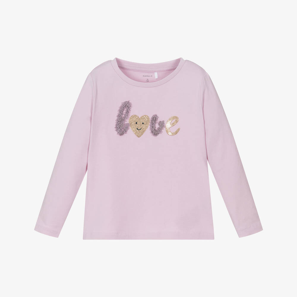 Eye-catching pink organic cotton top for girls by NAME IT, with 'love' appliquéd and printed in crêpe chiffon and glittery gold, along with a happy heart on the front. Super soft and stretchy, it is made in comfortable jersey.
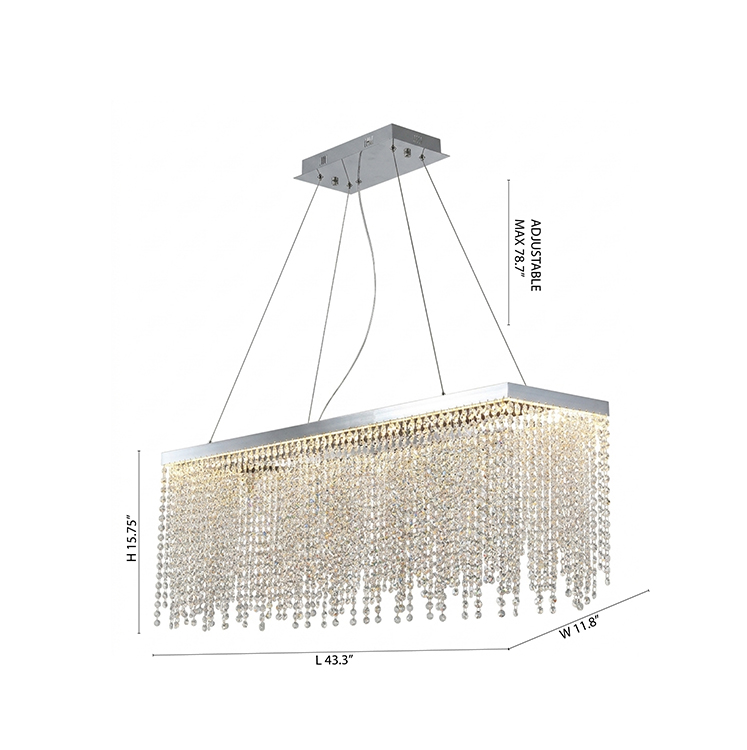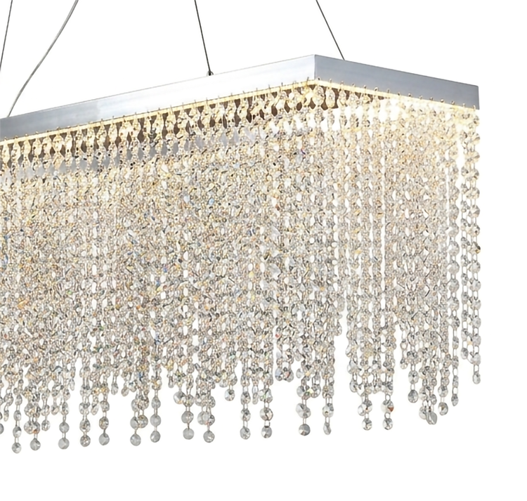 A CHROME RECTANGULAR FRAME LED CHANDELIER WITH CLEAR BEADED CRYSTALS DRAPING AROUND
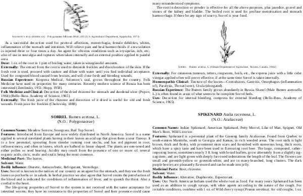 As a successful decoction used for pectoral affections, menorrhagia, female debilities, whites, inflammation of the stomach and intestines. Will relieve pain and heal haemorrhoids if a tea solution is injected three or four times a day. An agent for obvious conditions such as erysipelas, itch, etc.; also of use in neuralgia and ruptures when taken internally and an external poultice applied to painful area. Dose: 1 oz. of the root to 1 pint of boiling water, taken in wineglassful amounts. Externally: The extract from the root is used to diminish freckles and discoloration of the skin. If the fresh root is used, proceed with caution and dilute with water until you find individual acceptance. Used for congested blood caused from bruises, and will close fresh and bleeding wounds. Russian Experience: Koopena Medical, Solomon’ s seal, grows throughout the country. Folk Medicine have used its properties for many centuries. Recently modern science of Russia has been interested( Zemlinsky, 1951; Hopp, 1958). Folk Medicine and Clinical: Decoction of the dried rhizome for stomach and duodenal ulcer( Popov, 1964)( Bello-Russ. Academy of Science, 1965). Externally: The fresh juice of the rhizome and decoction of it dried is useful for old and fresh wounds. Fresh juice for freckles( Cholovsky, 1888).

#### [What is being asked]
Exact repetition is the task: every line from the start of the data to the line with "A CHROME RECTANGULAR", inclusive, and none after it, pictures omitted.

#### [Answer for this exercise]
 Eye-catching pink organic cotton top for girls by NAME IT, with 'love' appliquéd and printed in crêpe chiffon and glittery gold, along with a happy heart on the front. Super soft and stretchy, it is made in comfortable jersey.
 A CHROME RECTANGULAR FRAME LED CHANDELIER WITH CLEAR BEADED CRYSTALS DRAPING AROUND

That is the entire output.